Relative Bias (RB) of standard errors of group mean estimates

Table 4 presents the mean RBs of standard errors for group mean estimates under the misspecified model. There was an inflation of standard errors for group mean estimates under the misspecified model. ANOVA results show that R², Fs(2, 2257) = 10.017 and 13.931; ps < .001; η²s = .009 and .012 for Class 1 and Class 2, respectively, was the major source of impact when RBs of the standard errors for group mean estimates were the dependent variables.

Table 4.

Relative Bias of Standard Errors of Group Mean Estimates in Study 1

Conditions		False model SE Bias
R ²	ICC	SE1 (%)	SE2 (%)
.1	.1	9	17
.1	.2	11	8
.3	.1	20	31
.3	.2	21	20
.5	.1	3	9
.5	.2	13	13

Note: ICC = intraclass correlation.

Study 2

Method

Data generation

To extend the findings from Study 1, which was based on the balanced design (i.e., the two classes had exactly same number of observations and variance across clusters), Study 2 was conducted by taking the unbalanced sample size and variance (i.e., unequal class size for the two subpopulations) into account along with other design factors as considered in Study 1. There were two imbalance types, Imbalance Type 1 and Imbalance Type 2. Under Imbalance Type 1, large size was associated with large variance in Group 1 and small size was associated with small size in Group 2; under Imbalance Type 2, large size was associated with small variance in Group 1 and small size was associated with large size in Group 2. The group size and variance varied at Level 1 for the two latent classes.

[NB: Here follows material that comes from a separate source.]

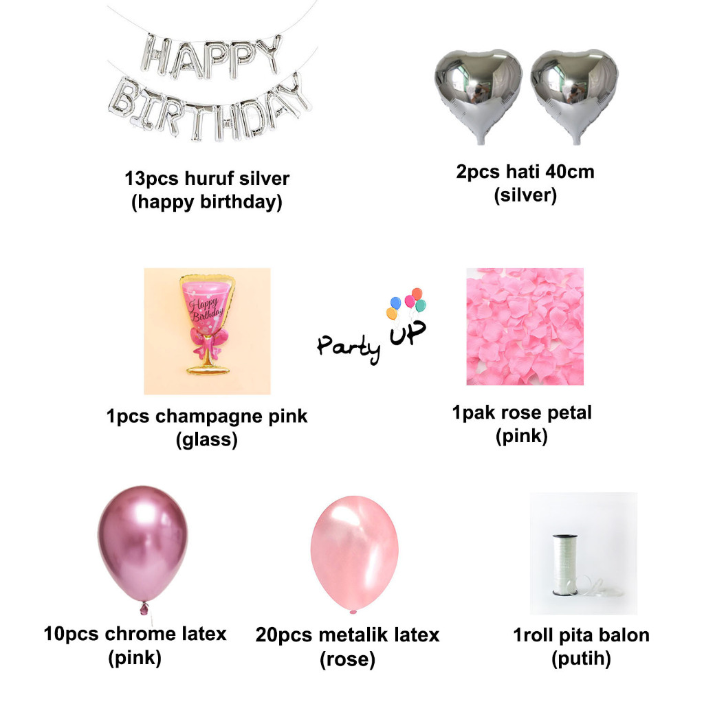 [Paket] Happy Birthday Chrome Pink & Metalik Rose Glass

A large group size is a group of 15 students, whereas a small group size is a group of 5 students. A larger variance group has a variance 3 times of the variance of the smaller variance group, so that the variance between the two latent groups was distinguishable. Equation (5) was used to calculate the variances of each individual group based on the size of each group. The value of S²_p, which was the pooled Level 1 variance of the two latent classes, was set to be 0.9, 0.7, and 0.5, respectively, because the variance accounted for by group membership was 0.1, 0.3, and 0.5 in Study 1.

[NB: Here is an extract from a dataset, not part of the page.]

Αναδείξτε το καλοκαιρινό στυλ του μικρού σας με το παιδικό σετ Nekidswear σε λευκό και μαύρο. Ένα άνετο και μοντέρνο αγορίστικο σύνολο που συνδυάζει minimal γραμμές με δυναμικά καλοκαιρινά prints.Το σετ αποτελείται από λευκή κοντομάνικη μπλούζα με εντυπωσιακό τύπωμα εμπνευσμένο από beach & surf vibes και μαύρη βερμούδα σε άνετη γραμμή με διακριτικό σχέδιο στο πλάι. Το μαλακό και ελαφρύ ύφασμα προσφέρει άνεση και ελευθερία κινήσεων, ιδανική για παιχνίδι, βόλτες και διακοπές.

$S_{p}^{2} = \frac{(n_{1} - 1) s_{1}^{2} + (n_{2} - 1) s_{2}^{2}}{n_{1} + n_{2} - 2}$

The simulation used a 3 (amount of variance explained by group membership) × 2 (magnitude of ICC) × 2 (imbalance type) factorial design to generate the data. A total of 500 replications were generated for each condition using SAS 9.1, yielding a total of 6,000 data sets. Each data set was then analyzed by a true model (MMM considering the higher/cluster level) and a misspecified model (FMM ignoring the higher/cluster level) using Mplus 4.2 Mixture routine (L. K. Muthén & Muthén, 2006-2007).

Analysis

Similar to Study 1, valid replications were selected, with hit rates and RBs of parameter estimates under the 12 conditions for both true and misspecified models calculated and examined. ANOVAs were conducted to determine the contribution of the design factors and all possible interactions.

Results

Hit rate

Table 5 presents the number of valid replications for Study 2 and the average hit rate under true and misspecified models. Similar to the results found in Study 1, as group difference increased, the hit rate increased for both true and misspecified models. Besides, the hit rate under true model was always higher than that under misspecified model within the same condition. As ICC increased, the difference in hit rate between true and misspecified models increased. In addition, Imbalance Type 2 (i.e., large variance associated with small class) always had higher hit rates than Imbalance Type 1 (i.e., large variance associated with large class) when all other conditions remained the same.

Table 5.

Hit Rate of True and False Models in Study 2

Conditions				Average hit rate
Imbalance	R ²	ICC	Valid replications	True (%)	False (%)	Differ (%)
1	.1	.1	134	52	51	1
1	.1	.2	98	53	49	3
1	.3	.1	320	72	67	6
1	.3	.2	276	72	63	10
1	.5	.1	431	87	82	6
1	.5	.2	341	87	76	11
2	.1	.1	176	77	76	1
2	.1	.2	146	77	75	3
2	.3	.1	401	83	81	1
2	.3	.2	356	83	79	3
2	.5	.1	496	87	85	2
2	.5	.2	479	88	83	4

Note: ICC = intraclass correlation; Differ = true model hit rate – false model hit rate. Imbalance Type 1: Class 1—large size large variance, Class 2—small size small variance. Imbalance Type 2: Class 1—large size small variance, Class 2—small size large variance.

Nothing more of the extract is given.